Unveiling the potential of desert sand-derived mesoporous silica supported nickel-based catalysts for co-production of H2 and carbon nanomaterials via methane cracking

This study investigates the replacement of a costly commercial silicate source with locally abundant desert sand in the United Arab Emirates (UAE), for synthesizing mesoporous silica. Hydrothermal synthesis methods were employed to develop various mesoporous materials having different pore geometries, namely MCM41-S, SBA15-S and MCF-S, using desert sand as a silica source. These materials were then impregnated with 15 wt% NiO (similar to 13 wt% Ni) by sono-wet impregnation technique. All Ni-based silica supported catalyst demonstrated enhanced stability at 550 degrees C during the reaction.
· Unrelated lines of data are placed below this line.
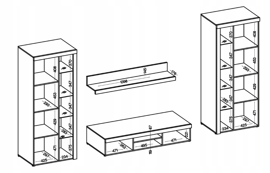 - Полка: b> 140 см. ширина x 20,4 см, высота x 19,1 см, глубина
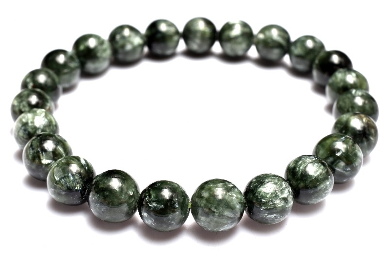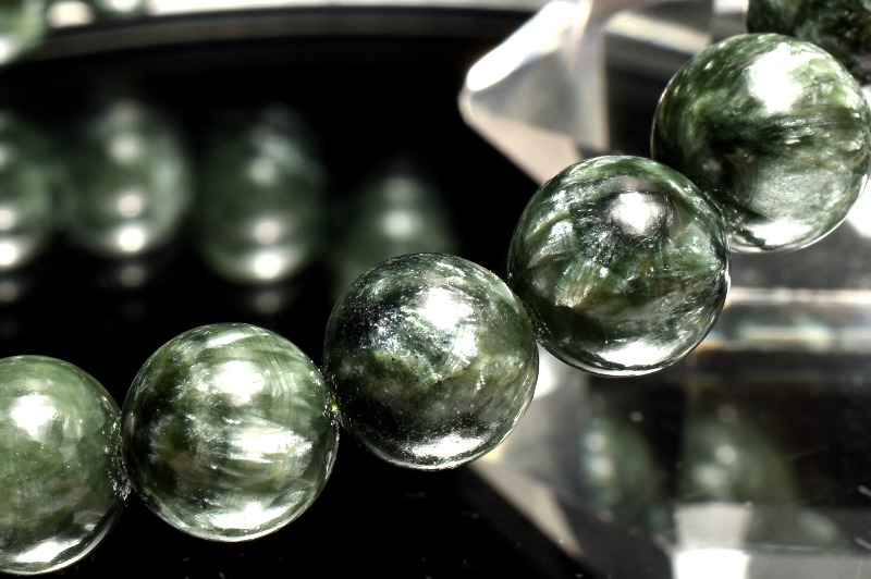 深緑色の地石の中に、白色〜銀色に輝く色彩の模様が「天使の羽」のように見えることがセラフィナイトの特徴です。
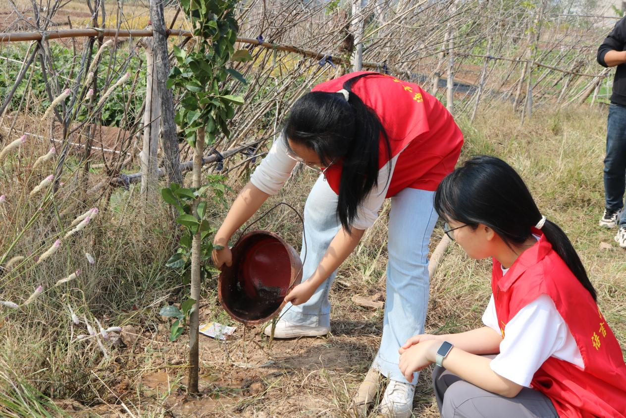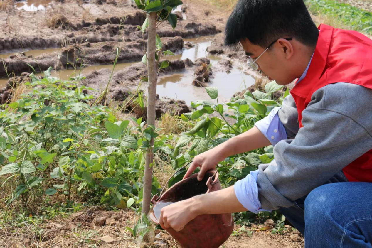 随后,在村书记的带领下,学子们两人一组,开启植树环节:同学们或挥锹挖坑,把握深度;或小心扶苗,确保直立;或填土压实,筑牢根基。微风轻拂,新栽的幼苗轻轻摇曳,学子们脸上洋溢着喜悦。
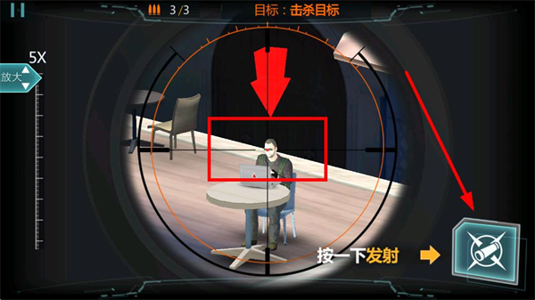 4、瞄准目标后点击发射按钮射击,射击时需把握时机,确保一击毙命,若射击未命中需快速调整位置再次瞄准。
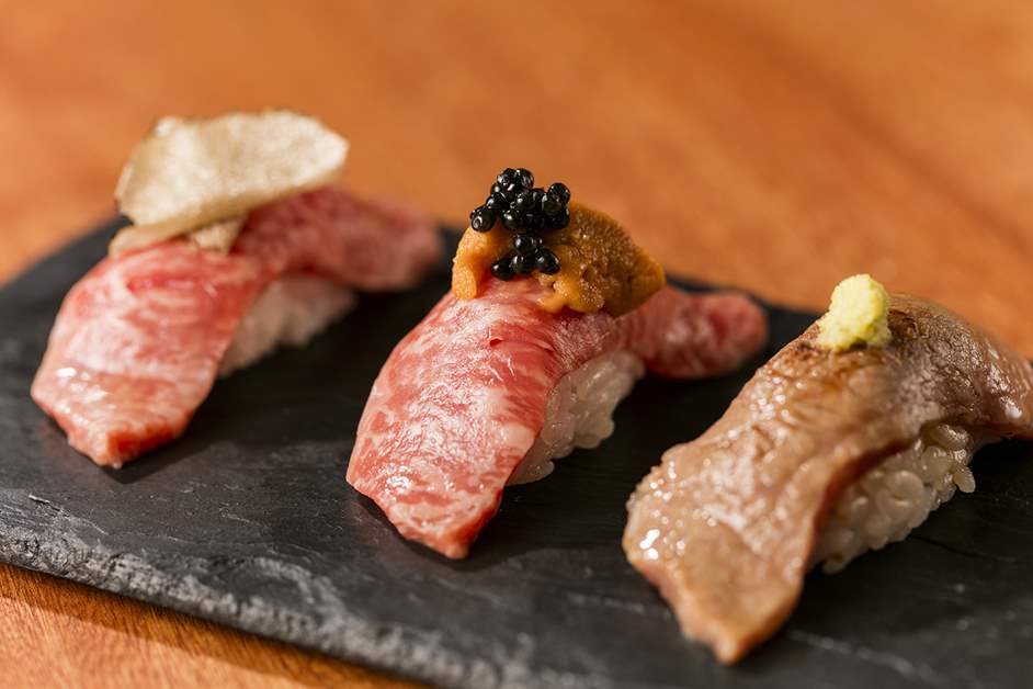 牛肉寿司的种类也很丰富。白汤的海带汁和烤米粉等,像烤肉一样按部位准备。除此之外,还有与云丹、鱼子酱等高级食材组合而成的奢侈牛肉寿司。试着用拼盘来比较,感受一下奢侈的心情。
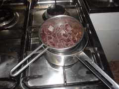 Iniziamo: scaldiamo a bagnomaria il cioccolato facendo in modo che non si scaldi eccessivamente, ossia arrivi a non piu' di 45-50 gradi C.; mentre inizia a fondersi lavoriamo il cioccolato con una paletta di metallo
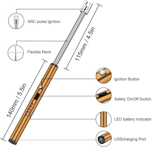Generic - ادولت كهربائية للمطبخ (ولاعة كهربائية مقوسة، ولاعة بلازما بدون لهب USB مضاد للرياح لموقد غاز الشواء والالعاب النارية (ذهبي))
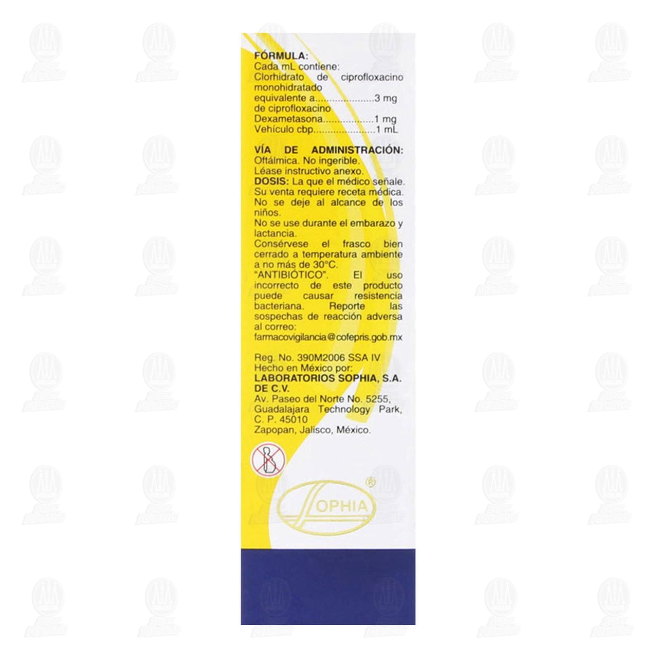 PRECAUCIONES EN RELACIÓN CON EFECTOS DE CARCINOGÉNESIS, MUTAGÉNESIS, TERATOGÉNESIS Y SOBRE LA FERTILIDAD: No se han realizado estudios controlados en mujeres embarazadas con SOPHIXIN DX OFTENO®, sin embargo, se han llevado a cabo estudios de reproducción en ratas y ratones con hasta seis veces la dosis habitual de la dosificación humana por vía oral de ciprofloxacino sin que haya revelado evidencia de daño a la fertilidad o lesión fetal. Pruebas in vitro de mutagenicidad han evidenciado resultados negativos. Los estudios de carcinogenicidad de largo plazo en ratones y ratas han sido complementados y no existe evidencia de que el ciprofloxacino tenga algún efecto carcinogénico o mutagénico en esas especies animales. La administración de ciprofloxacino en conejos en dosis orales de 30 a 100 mg/kg produjo alteraciones gastrointestinales, desequilibrio hidroelectrolítico, pérdida de peso en las hembras y aumento en la incidencia de abortos. Sin embargo, no se observó efecto teratogénico alguno en ninguna de las conejas a las dosis descritas. La administración intravenosa de dosis hasta de 20 mg/kg no produjo toxicidad materna ni embriotoxicidad o teratogenicidad.
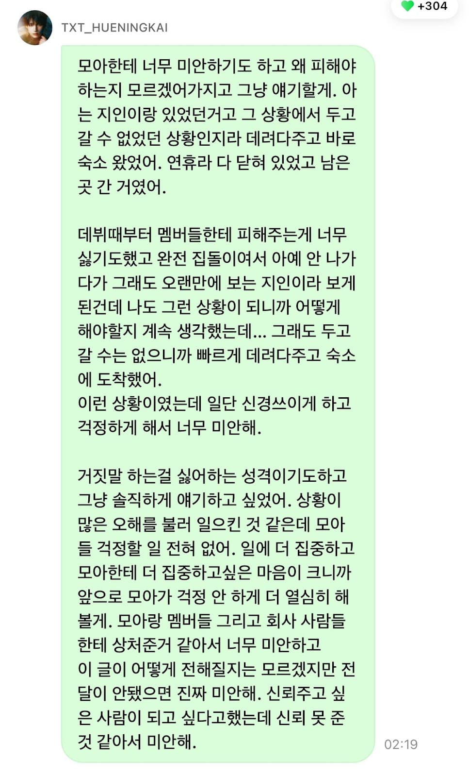 Yalan söylemekten nefret eden biriyim, bu yüzden size dürüstçe anlatmak istedim. Bu durumun birçok yanlış anlaşılmaya yol açabileceğini düşünüyorum, ama MOA’ların endişelenecek hiçbir şeyi yok. İşime ve MOA’lara daha fazla odaklanmak istiyorum, bu yüzden gelecekte endişelenmenize gerek kalmayacak şekilde daha çok çalışacağım. MOA’ları, üyeleri ve şirket çalışanlarını incitmiş olabileceğim için çok üzgünüm. Bu mesajın nasıl okunacağını bilmiyorum ve iyi anlaşılmamışsa özür dilerim. Güvenilir biri olmak istediğimi söylemiştim ve bunu başaramadığım için üzgünüm.” – KR Koreaboo
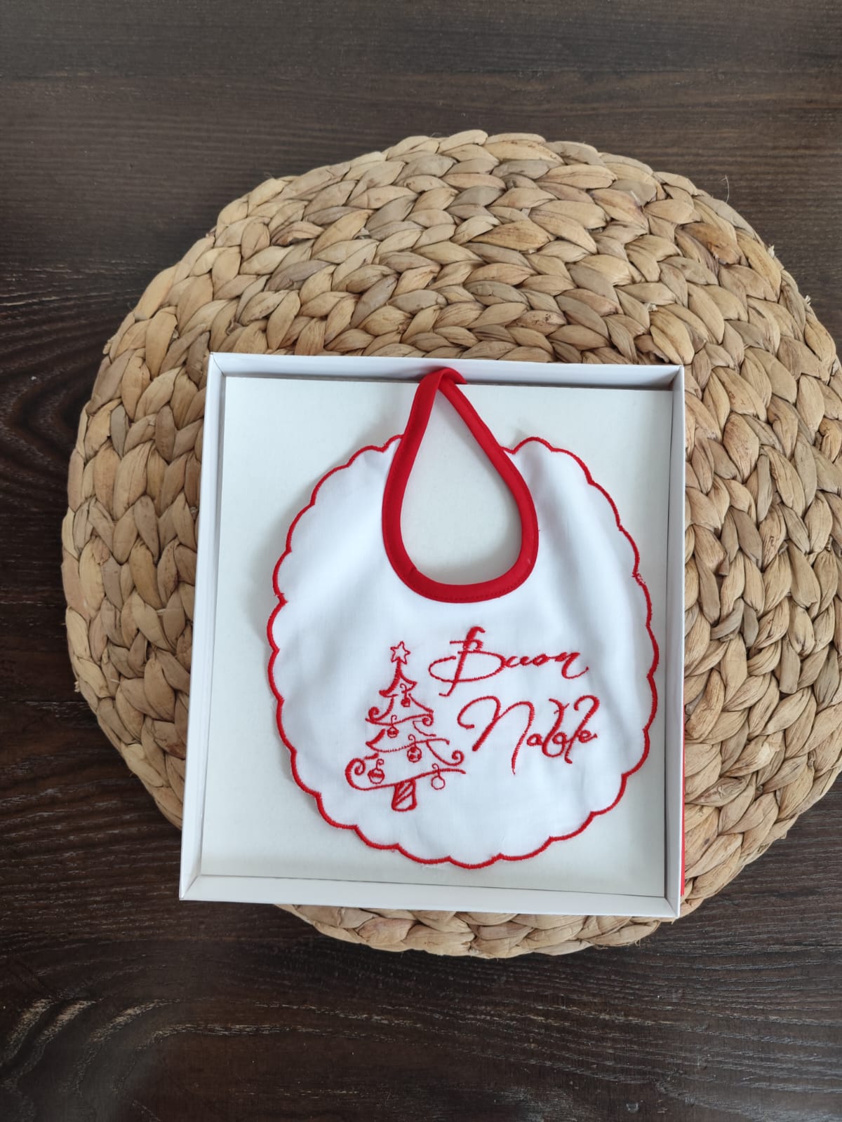 Bavetta Natalizia Unisex " Buon Natale" 100% COTONE in batista in confezione regalo
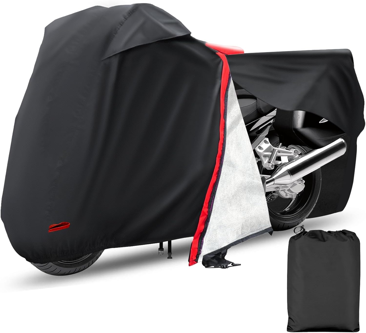 - [Internal Cotton] Our motorcycle covers use large fireproof cotton material near the exhaust pipe, so you do not need to worry about the high temperature of the exhaust pipe after parking will cause damage to the cover, which is a problem that other brands have not solved. At the same time, the internal cotton material also plays a role in protecting your motorcycle paint from scratching.
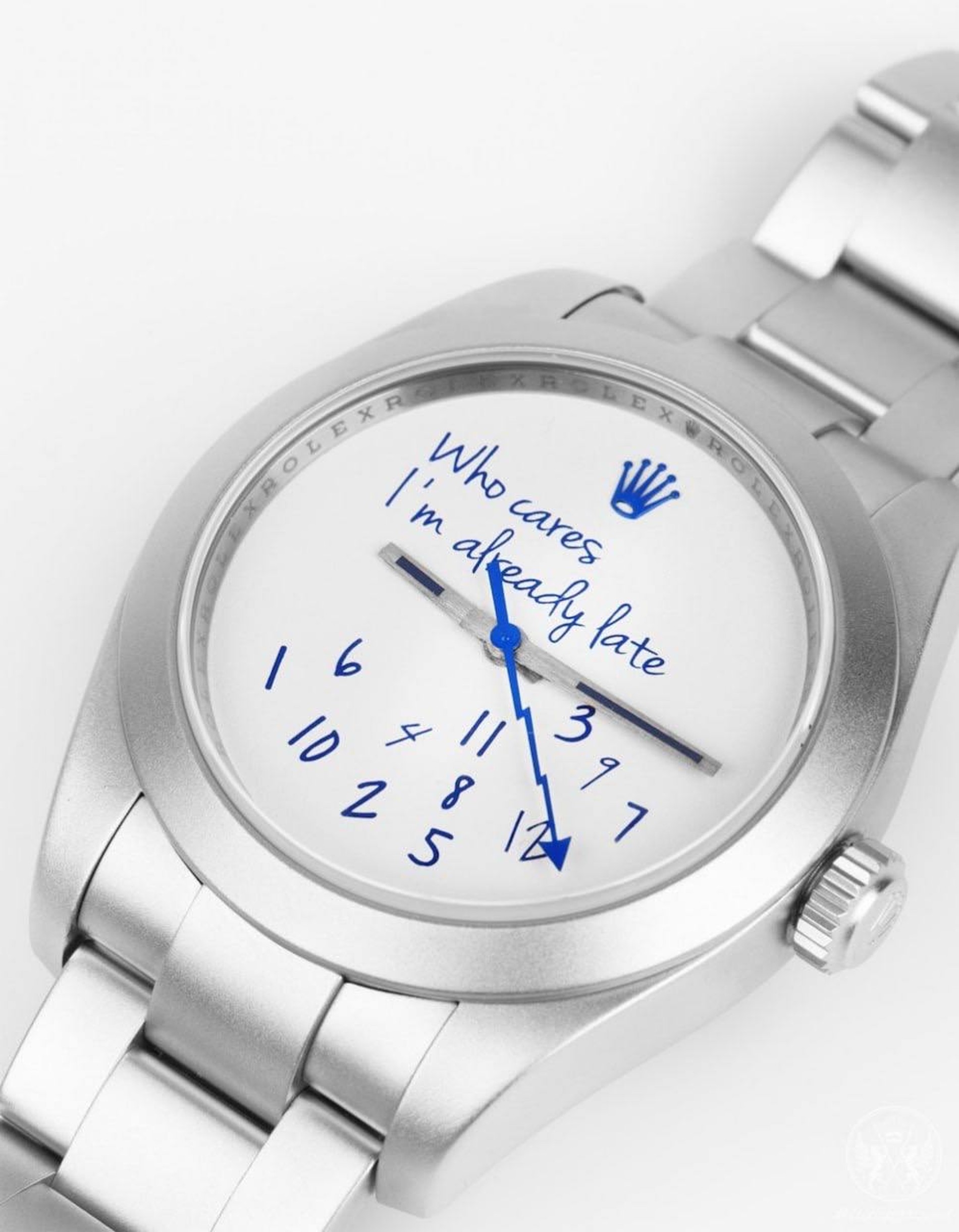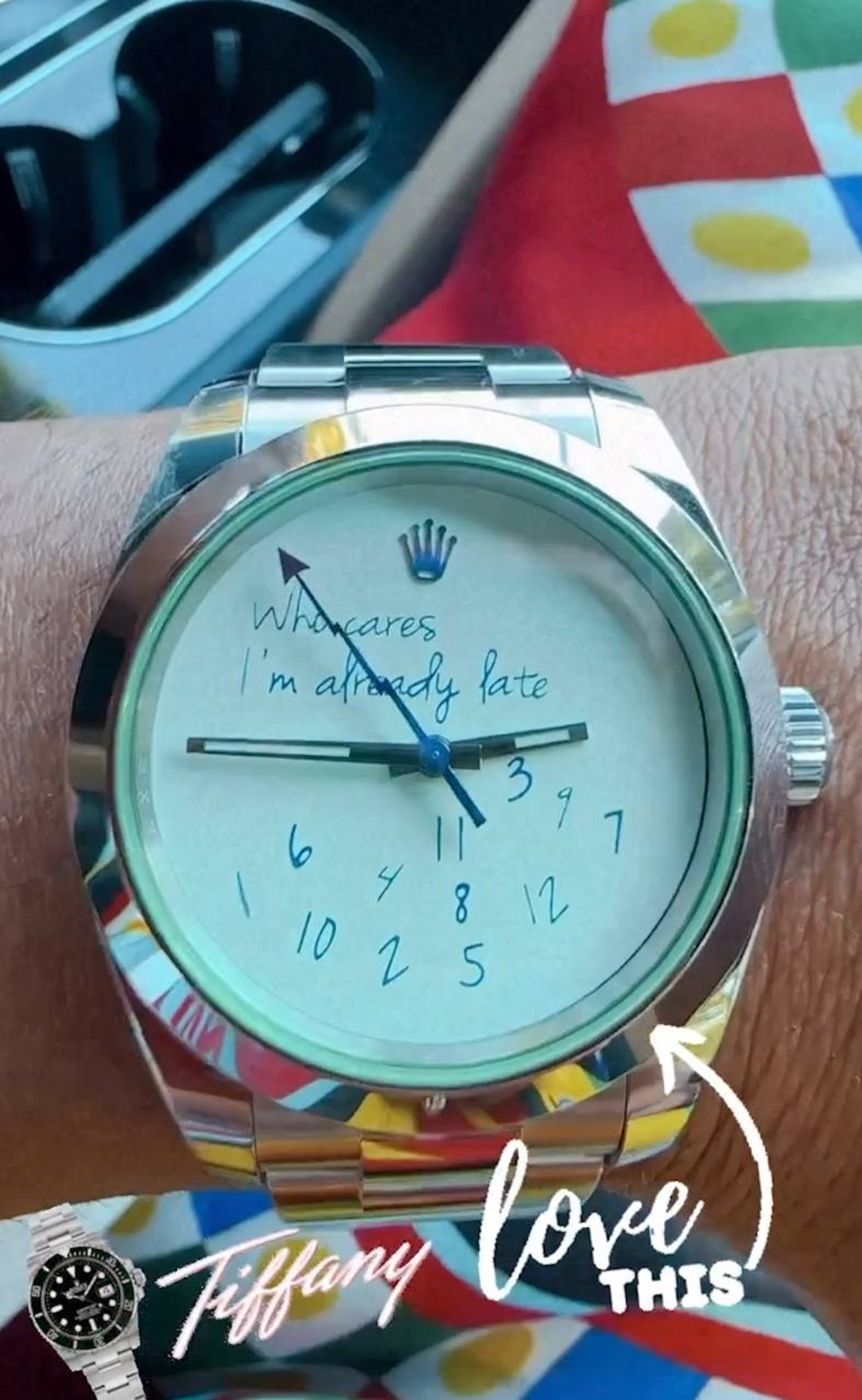 Разъезжая по солнечному Сочи перед выступлением, Киркоров похвастался в Инстаграме (запрещен в РФ) своими обновками. Артист показал новые эксклюзивные часы Rolex — совместное детище бутика Colette и часовой студии MAD Paris. На кастомизированной версии часов Rolex Milgauss вместо циферблата идеальная надпись для тех, кто любит опаздывать: Who cares I’m already late («Какая разница, я уже опоздал»).
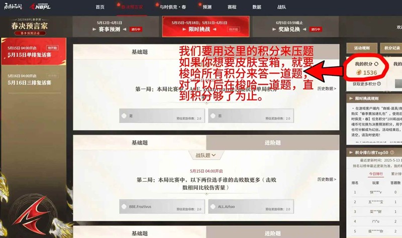 如果您没有时间观看游戏,则每天都可以获得盖帽的中间奖励!只参加日常预测。无论是对还是错,请注意不要识别所有要点。
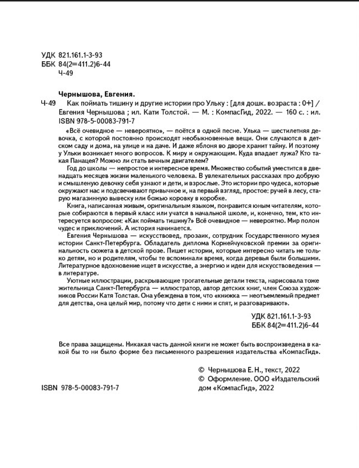 Мне кажется, что написать детскую книгу, в которой рассказывается о жизни обычного ребенка, о его радостях и печалях, ежедневных открытиях, встречах, знакомствах написать гораздо сложнее, чем остросюжетную повесть. Ведь в приключенческом или детективном романе возможно преувеличение, какая-то неточность – все простительно. А здесь необходима предельная степень искренности, любая фальшь видна как на ладони. Почему и немного было писателей уровня Зои Журавлевой с ее «Ожиданием», Эсфирь Цюрупы с «Улицей зелёной» или Софьи Могилевской» с ее «Птицей-синицей». Именно этих авторов я вспоминала, когда читала книгу Евгении Чернышовой «Как поймать тишину и другие истории про Ульку» -- сборник рассказов о маленькой девочке Ульке, которой очень интересно изучать мир и постигать его.
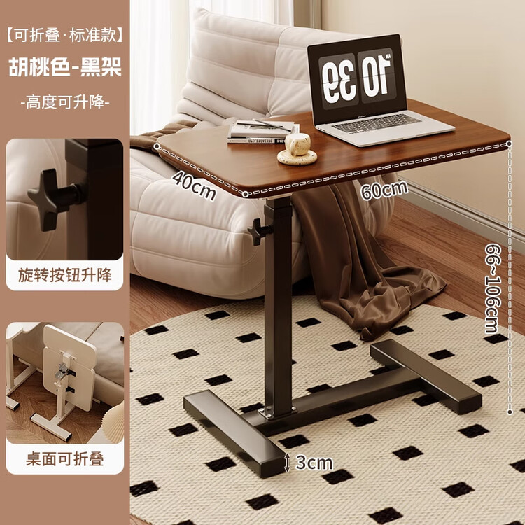 Стол складной Chuzhe Movable Bedside Table Sofa Side Small Table Simple Student Desk Foldable Laptop Computer Office Desk [Foldable Standard Model] Walnut Color - Black Frame [Movable]

It was observed that the synthesized MCF-S proves to be a highly efficient catalyst support, as Ni/MCF-S, for the catalytic decomposition of methane (CDM), exhibiting the highest methane conversion (60 %), which is 1.4-2.1 times higher than the Ni-based classic-structured mesoporous siliceous supported catalysts, such as SBA15-S and MCM41-S. In particular, the H-2 yield (62 %) of the Ni/MCF-S catalyst was 1.40 and 2.38 times higher than that of the Ni/SBA15-S and Ni/MCM41-S catalysts, respectively. To understand the observed differences, a detailed characterization of the physicochemical properties of these materials was conducted. The results revealed that the macro/mesopores size (4-60 nm) and bimodal sinusoidal pore geometry of MCF-S, played a critical role in enhancing Ni particle dispersion, resulting in the highest active Ni metal surface area (7.66 m(2)/g(cat)) and contributing to the improved catalytic activity of Ni catalysts in methane cracking.